When the Bots Invaded LinkedIn: A HR Analytics Company Goes to Court to Stop Its Shutdown

hiQ is a people analytics firm that gathers information that is available on the Web and creates software for use by human resources departments (or talent development departments).  The software provides HR departments with a summary of thee credentials and skills of their workforce but also provides them with information as to who is at risk for leaving the company. One of hiQ’s fundamental resources for this software development is LinkedIn, the Microsoft company that  has 500 million people with skills and credential profiles.

hiQ received an e-mail from LinkedIn’s lawyer requesting that it stop doing business because it was using LinkedIn’s proprietary information.  hiQ filed suit seeking a court order that prohibited LinkedIn from telling it to go out of business and allowed it to continue operating while the issues underling the use of LinkedIn’s public data is reviewed. hiQ Labs, Inc. v. LinkedIn Corp, 2017 WL 3473663 (N.D. Cal. 2017).

The court granted hiQ a preliminary injunction that has permitted it to stay in business while the issues related to their rights to LinkedIn data are reviewed for possible violations of various federal and state laws, including the Computer Fraud and Abuse Act (CFAA) which provides two ways of committing the crime of improperly accessing a protected computer: (1) obtaining access without authorization, and (2) obtaining access with authorization but then using that access improperly. LinkedIn is focusing on the second means as criminal action on the part of hiQ. In addition, LinkedIn has argued that hiQ’s use violates the terms users of LinkedIn agree to when they sign up for the site. 

Another argument in the privacy issue raised by LinkedIn, which is that users' information is being used for a purpose that they did not anticipate.  However, LinkedIn users have a choice about which information about them is available publicly.

LinkedIn has also argued that their intent was to have users browse the site but not to have a "bot brigade copying data at scale."  Drake Bennett, "Big Brother vs. Little Brother," Bloomberg Business, November 20, 2017. 
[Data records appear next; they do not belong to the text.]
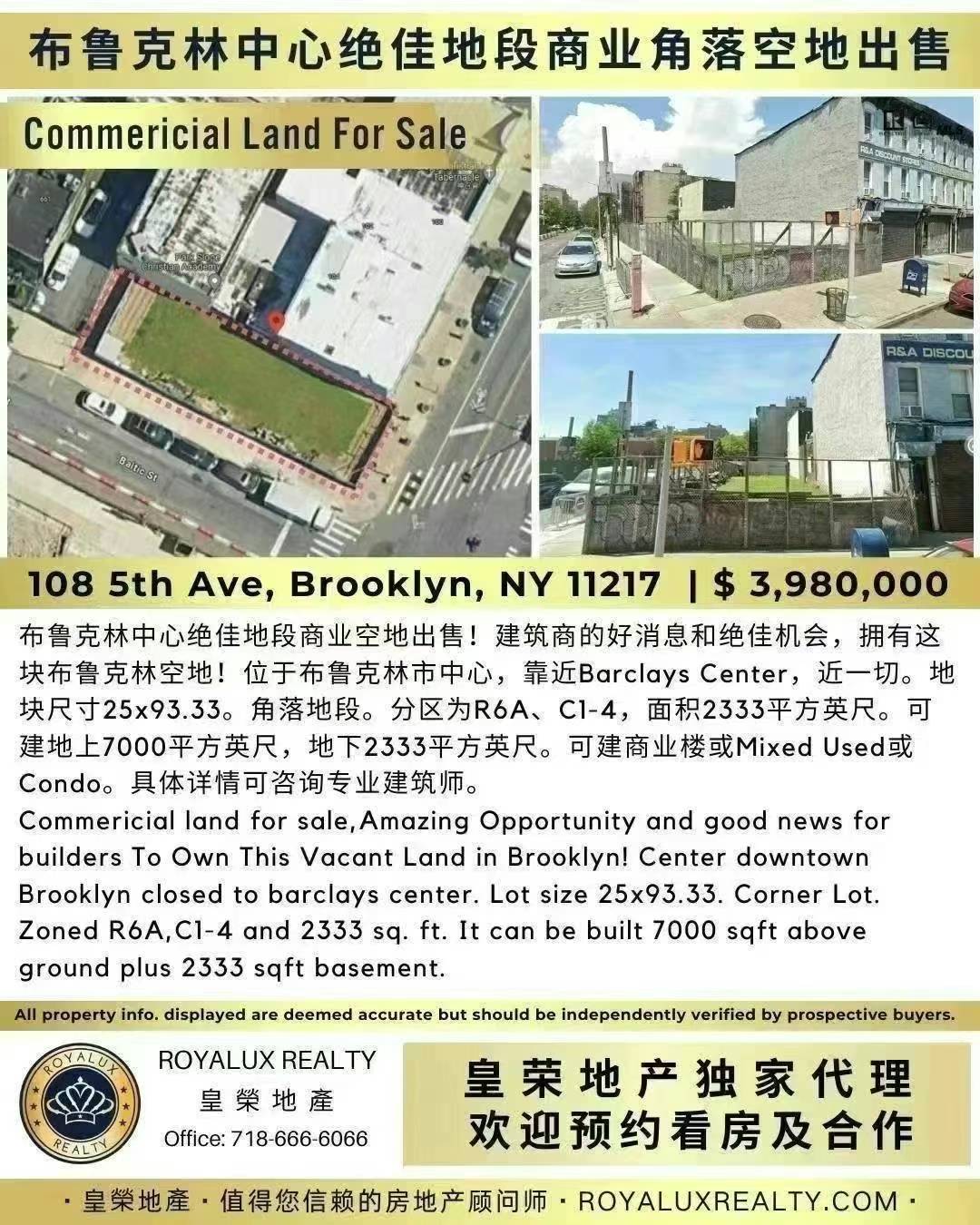 建筑商的好消息和绝佳机会,拥有这块布鲁克林建地!位于布鲁克林市中心,靠近Barclays Center,近一切。地块尺寸25x93.33。角落地段。分区为R6A、C1-4,面积2333平方英尺。可建地上7000平方英尺,地下2333平方英尺。可建商业楼或Mixed Used或Condo。具体详情可咨询专业建筑师。售价$3,900,000.
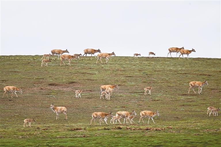卓乃湖位於(yu) 世界自然遺產(chan) 地可可西裏腹地。今年5月以來,來自青海三江源、新疆阿爾金山、西藏羌塘等地的雌性藏羚羊陸續遷徙至卓乃湖區域產(chan) 仔。7月下旬開始,產(chan) 仔結束後的雌性藏羚羊將再攜幼仔返回原棲息地。
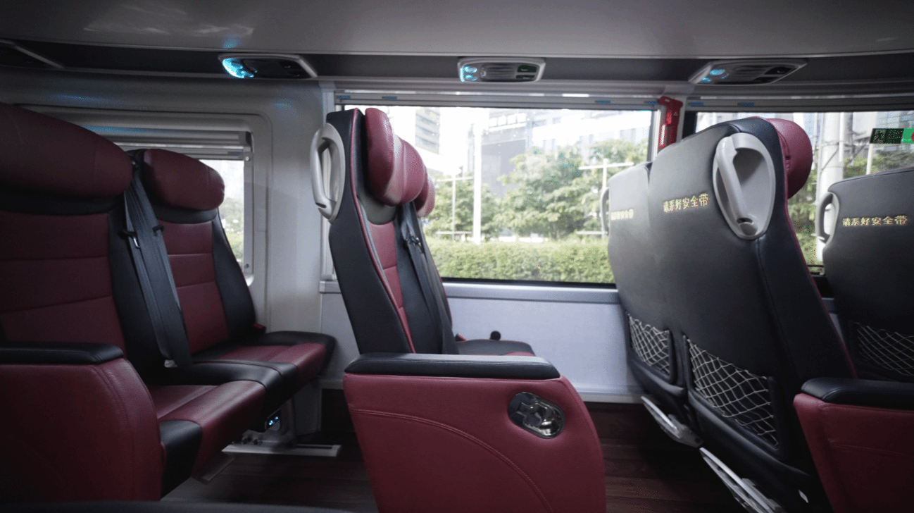 除了静音,乘车舒适度更是核心考量。此次引入的海格新V系采用12米车长的最高端车型,在此基础上,车辆还进行了诸多个性化优化与选配。最直观的便是座位配置——在12米的车身内,座位数量被控制在40-44个,相比传统大巴大幅减少,为游客提供了更宽敞的乘坐空间。同时,车上配备的均为商务座椅,可实现45度角倾斜,搭配可调节头枕,让游客在旅途中能够轻松休息,缓解疲劳。
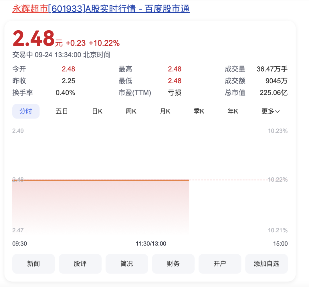 截至9月24日午间收盘,名创优品港股股价跌26.14%,报24.30港元/股。永辉超市A股涨停,股价报2.48元/股。当日午后开盘,永辉超市股价继续涨停,名创优品港股跌幅稍有收窄。
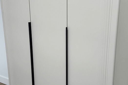 Особое внимание стоит уделить фрезеровке фасадов, которая придаёт шкафу изысканный и неповторимый вид. Длинные пластиковые ручки гармонично дополняют общий стиль шкафа.
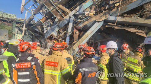 (울산=연합뉴스) 울산화력발전소 보일러 타워 붕괴 사고 9일째인 14일 오전 발전소 현장에서 중장비를 동원한 수색 작업이 밤낮없이 이어지고 있는 가운데 구조대원 등 구조팀 관계자들이 수색 계획에 대해 논의하고 있다. 지난 6일 발생한 이 사고로 현재까지 매몰자 7명 중 6명이 사망했고 1명이 잔해 속에 묻혀 실종된 상태다. 2025.11.14 [울산소방본부 제공.재판매 및 DB 금지]
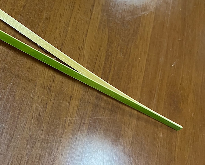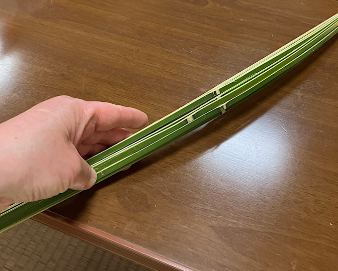 竹の皮をヘイ(剥い)で、それをまた半分にヘイであるんですが、片方の端がまだくっついてるんですよ!!
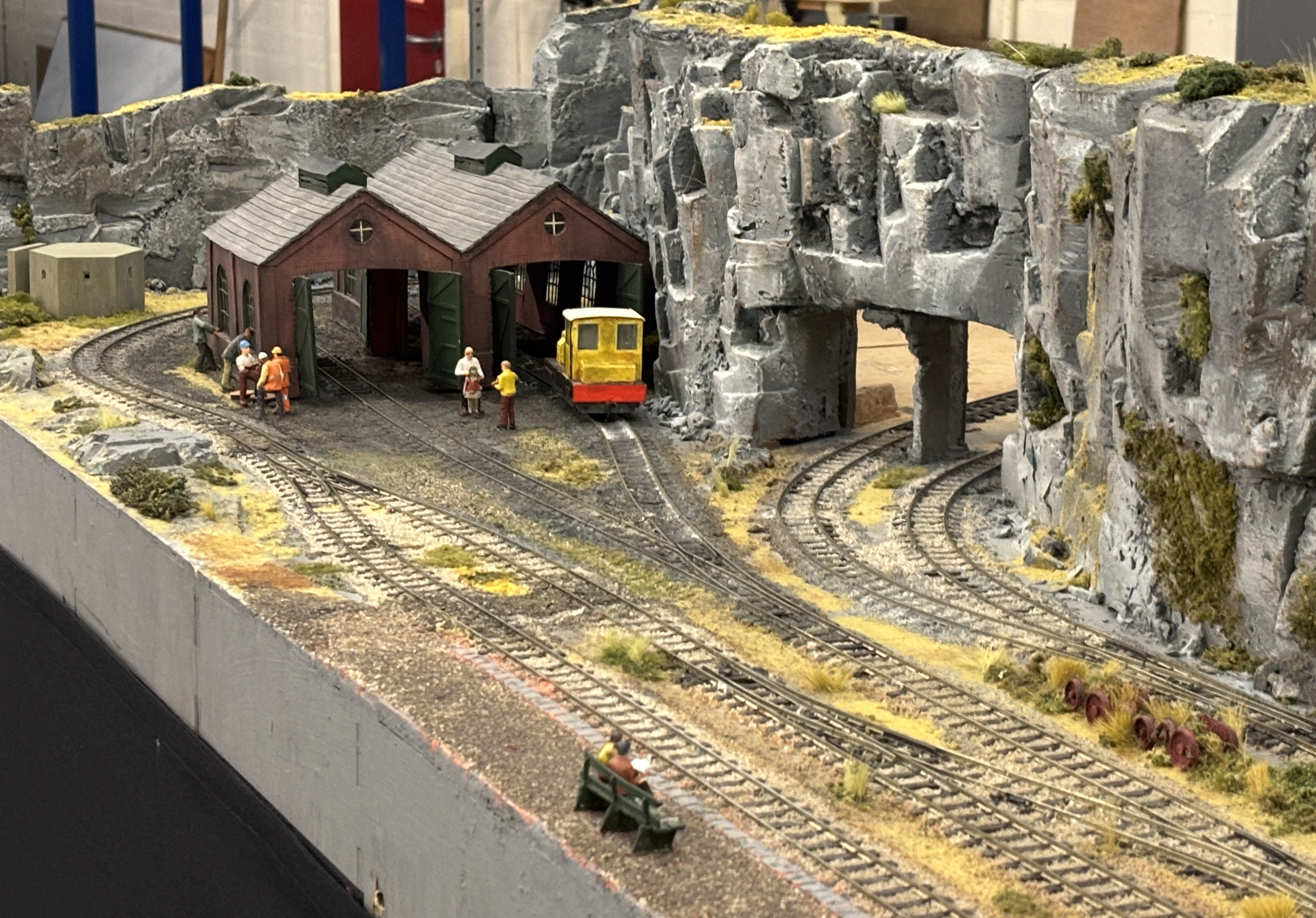 This is a ScaleSeven layout which means the track is built to a finer standard the normal 0 gauge. Ellerton Road is usually up and running in the clubroom. Only stock built to ScaleSeven standards can run on ScaleSeven layouts.
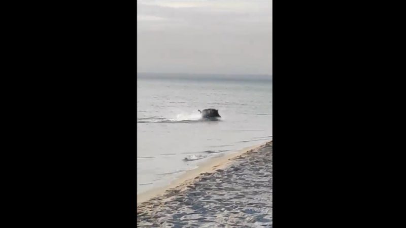 VIDEO. “Ukraiņu desants Krimā…” Atpūtniekus pludmalē pārsteidz no jūras ārā lecošā mežacūka! 24
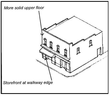 The Traditional Storefront has a retail-oriented first floor. It may have upper floors that typically house offices.
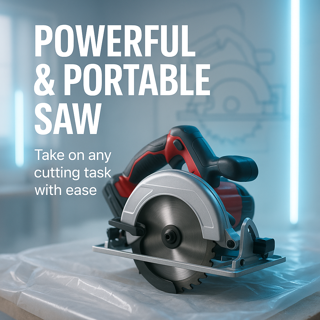 Realistic image of a powerful circular saw positioned on a workshop table, featuring modern design elements and soft lighting, ideal for tool marketing and advertising.
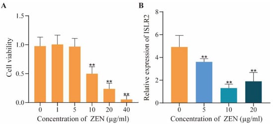 Effects of ZEN on cell viability and ISLR2 expression. (A) Detection of cell viability of cells exposed to different doses (0, 1, 5, 10, 20, 40 μg/mL) of ZEN. (B) ISLR2 expression changes in cells exposed to different doses (0, 5, 10, 20 μg/mL) of ZEN for 48 h. Different color of bars represents different concentration of ZEN. Data are presented as mean ± SD. Significance compared with control, ** p < 0.01.
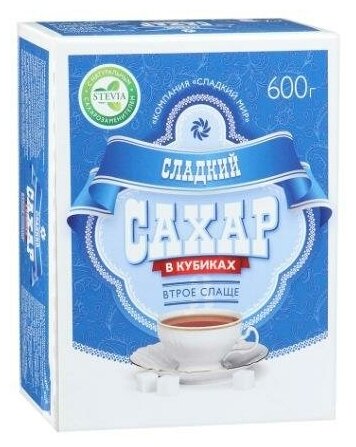 Сладкий сахар со стевией "Сладкий мир" белый в кубиках, коробка 600 г. интересное:
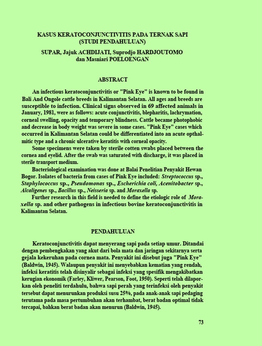 | Judul | Kasus keratoconjunctivitis pada ternak sapi (studi pendahuluan). / Supar; Achdijati, Jajuk; Hardjoutomo, Suprodjo; Poeloengan, Masniari(Balai Penelitian Veteriner, Bogor Indonesia). |
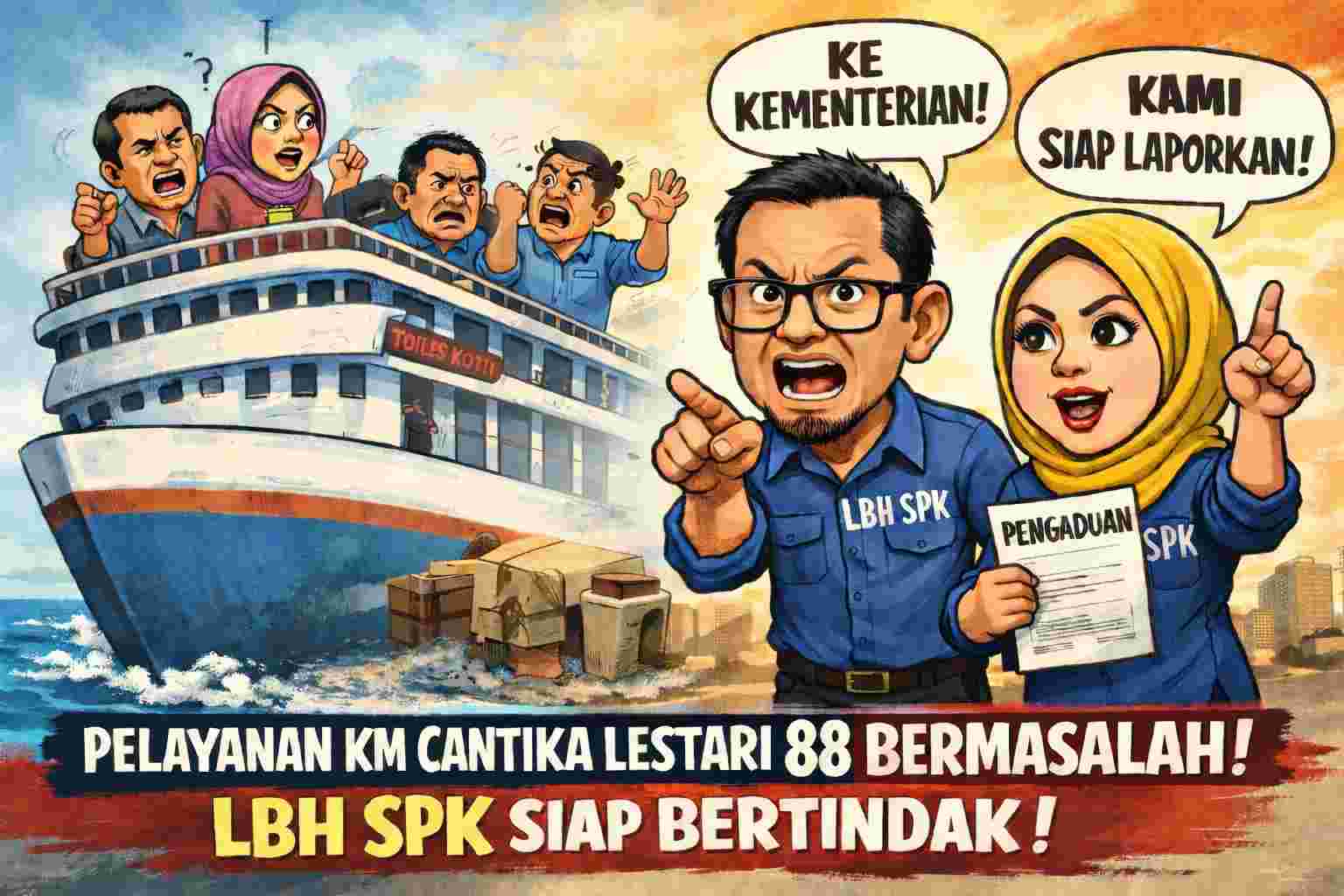 Lebih lanjut AK menjelaskan bahwa dirinya sudah melaporkan hal ini ke LBH (Lembaga Bantuan Hukum) SPK (Suara Panrita Keadilan) terkait pelayanan KM Cantika Lestari 88.

The case brings to mind the Supreme Court precedent in United States v. Jones, 565 U.S. 400 (2012) in which the court held that police attaching a GPS tracking device to a car was a violation of the driver's privacy even thought a police officer driving behind such a driver meant the officer was able to accomplish the same thing and was not a violation of privacy.  LinkedIn is arguing that casual surfing of a website for information is different from bot invasion for purposes of copying the data. 

An appeal to the 9th Circuit is pending.  The court of appeals, and possibly the U.S. Supreme Court, have the task of deciding what constitutes privacy and permissive use in an era in which technology moves faster than our laws and court decisions.


Make the arguments pro and con on hiQ's use.

Discussion the implications of hiQ's use.